Nocera seems unaware of these facts or even that there’s any dispute.   He takes the corporate-reformers at their word — the only impediment to true reform is those teachers and their salary and tenure demands.  His only quibble with the corporate-reformers seems to be his interpretation that the core of their argument is that better teachers will lead to better outcomes.  He buys into the idea that unions are somehow anti-reform. He’s dead wrong in his assumption that unions are NOT also in favor of best practices for teachers or that they disagree with the idea that teachers make a difference in student achievement.  Teacher unions in fact support professional development, teacher mentoring programs, and other initiatives that help keep teachers in the classroom.  Smaller class size and placing more experienced teachers in the classroom are just two of the reforms that unions promote.

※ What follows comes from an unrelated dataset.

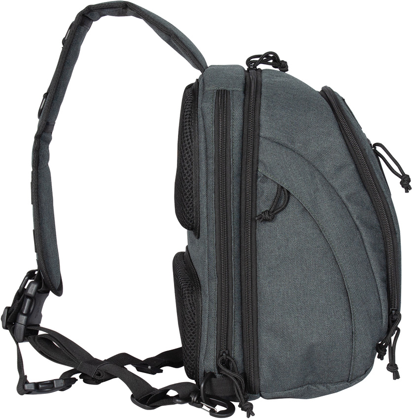 Dimensions: 9″ x 13″ x 3″. 15.5 liters capacity. Foam padded walls. Slip pocket accommodates an iPad or other popular tablet. Rear compartment accepts CCW accessories. Adjustable ambidextrous strap. Collapsible water bottle pocket on each side. Zippered organizer pocket on front. Dense padded strap and back panel. 600D polyester construction. Color: Charcoal gray. Bulk packed.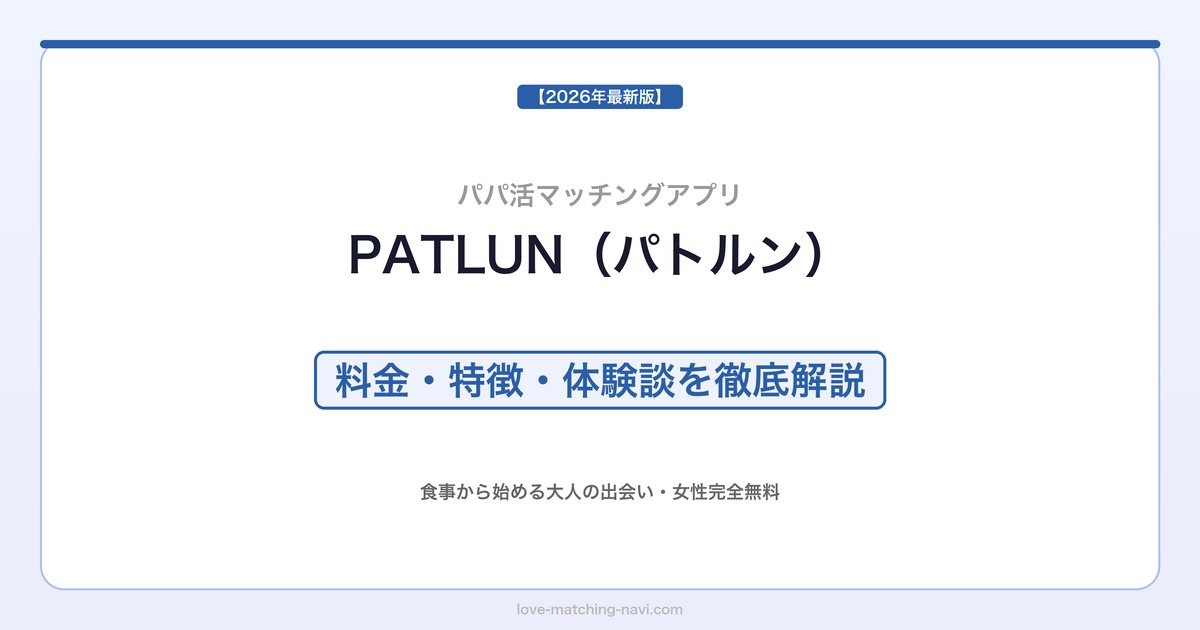 PATLUNは「食事から始める大人の出会い」をコンセプトにした2026年1月スタートの新しいパパ活アプリです。身分証確認後のIDデータ削除・写真匿名化など、プライバシーへの配慮が他サービスと差別化されています。女性は完全無料で始められるので、まずはPATLUNに無料登録してみるのをおすすめします。他のサービスとも比較したい方はマッチングアプリランキングもご覧ください。

Nocera points to the case of Saquan Townsend, mentioned in the article on Gonzalez’ school.  Saquan, who was living with his mother at a homeless center, was at first disruptive at his new school, but then after his teacher reached out to him — something good teachers have always done and not something the UFT is fighting against — he began to thrive.  Nocera writes that his mother “seemed indifferent.”  This was a mother who had left Brooklyn and her home because her life and the lives of her children were in danger.  Her choice was saving her sons’ lives or disrupting their education.  How is that indifferent?   She eventually found permanent living space, but it was back in Brooklyn.  Nocera seems to think this was a selfish choice on her part since it meant Shaquan would have a long commute if he stayed at his Bronx school.  He seems to be unaware that for people within the shelter system, you don’t exactly have the option of holding out for an apartment in your school district of choice.  He misses entirely that many kids in the city have ridiculously long commutes to school.  These include kids traveling over ninety minutes to the city’s elite and specialized high schools, kids whose families consider themselves lucky, because for many these schools represent their best chance of escaping poverty.

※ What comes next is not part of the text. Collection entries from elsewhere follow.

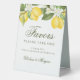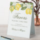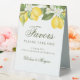 Elegant lemon citrus wedding favours tent sign for your party favours table. Customise the calligraphy script name template with your bride and groom names.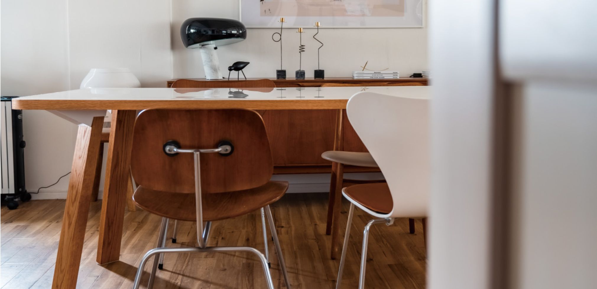 メラミン化粧板の天板なら、こぼれた水や食べ物もサッと拭き取ることができます。汚れに強く、清潔感のある天板はダイニングテーブルに最適です。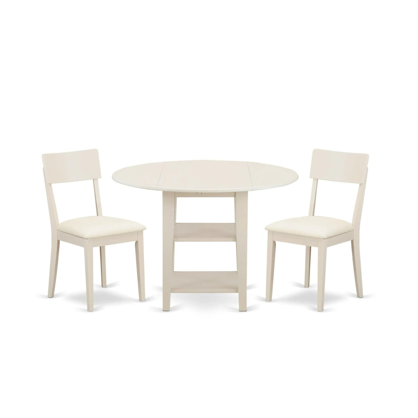 East West Furniture SUAD3-LWH-LC 3 Piece Dining Set Contains a Round Dining Room Table with Dropleaf & Shelves and 2 Faux Leather Upholstered Chairs, 42x42 Inch, Linen White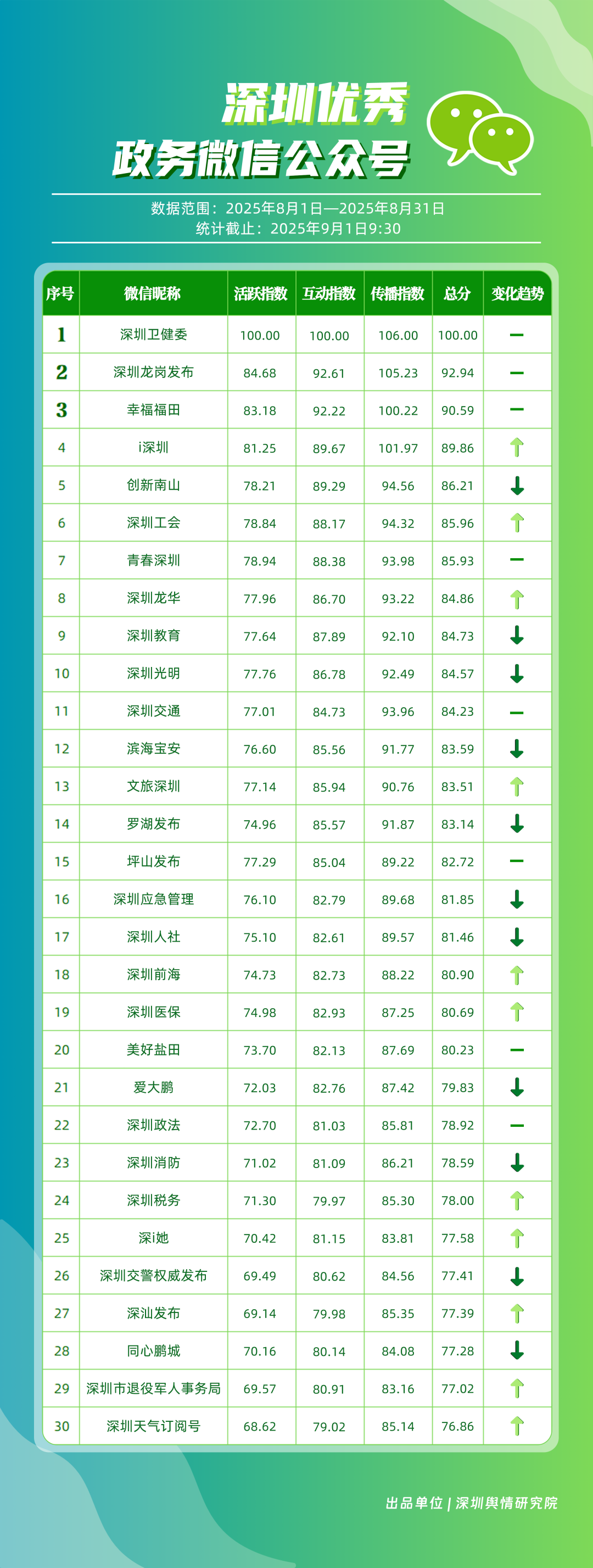 8月,30個(gè)政務(wù)微信公眾號(hào)入選“深圳優(yōu)秀政務(wù)微信公眾號(hào)”榜單,其中包括“深圳衛(wèi)健委”“深圳龍崗發(fā)布”“幸福福田”“i深圳”“創(chuàng)新南山”“深圳工會(huì)”“青春深圳”“深圳龍華”“深圳教育”“深圳光明”等。8月,“深圳衛(wèi)健委”66篇推文獲得超10萬(wàn)次閱讀,以滿分位于榜單首位;“深圳龍崗發(fā)布”積極傳遞民生信息,依托區(qū)域活動(dòng)開(kāi)展宣傳,推動(dòng)傳播效果顯著提升,位居第二;“幸福福田”關(guān)注區(qū)域發(fā)展動(dòng)態(tài),排名第三?!癷深圳”“創(chuàng)新南山”“深圳工會(huì)”“青春深圳”等政務(wù)賬號(hào)在信息發(fā)布中不斷提升內(nèi)容豐富性,深耕優(yōu)質(zhì)服務(wù),評(píng)分在85分以上。上榜微信公眾號(hào)立足自身特色優(yōu)勢(shì),以精品內(nèi)容為核心競(jìng)爭(zhēng)力,在政務(wù)傳播領(lǐng)域樹(shù)立了標(biāo)桿形象,成為兼具影響力與公信力的示范樣本。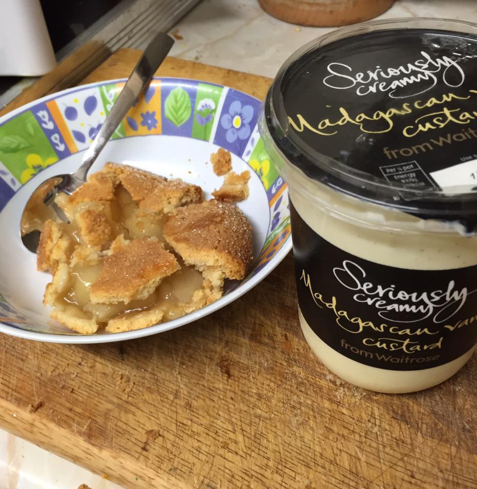 I understand the bong desire to put custard almost with any desert but sometimes it just gets everything soggy and I like texture in my desserts too. Especially baked things. If you do it with rhubarb compote it's just two semi liquids

Nocera uses Saquan as evidence that perhaps the noble corporate reformers are naive in believing that their initiatives can overcome the effects of poverty.  In this he concedes that the teacher unions may have a point though of course he gets the point wrong. He ends more or less there, with the idea that the “reformers” can only do so much and need perhaps a bit of humility.  In other words, the poor we will always have with us, more or less.

But Joe, here’s something to think about: What if the true reformers weren’t just out to create some model charters for lucky lottery winners?  What if more principals in public schools were like Gonzalez?  Not corporate types looking for another career, but real leaders who devoted their lives to education?  And what if there were more  teachers like Saquan’s?  What if public schools actually supported outreach efforts like the ones made by her by making it part of the teachers’ workday?  What if moving back to Brooklyn wasn’t an educational disaster for Saquan because ALL public schools were as good as MS 223?  What if reform meant making schools more accountable to the communities which they served, making sure that they worked collaboratively with local institutions and organizations including businesses, hospitals, etc. to make learning a community endeavor with mentoring, internships and experiential learning that engaged students not only in school but in their neighborhoods?  Engagement by the way, is something that helps prevent kids from dropping out.  What if schools opened their doors to parents not just for meetings, but also for adult education, inter-generational activities, and community events?  What if the schools were so good that even middle-class parents would send their kids there as they used to once upon a time?

That’s school reform, Joe.  The real deal.  It’s about equity in education, not lotteries, or choosing between staying in a shelter or being housed.

(Marion Stein is a former New York City school teacher who has also worked as an administrator in college-high school collaboration programs, and currently works as a grant writer, specializing in education-related grants.)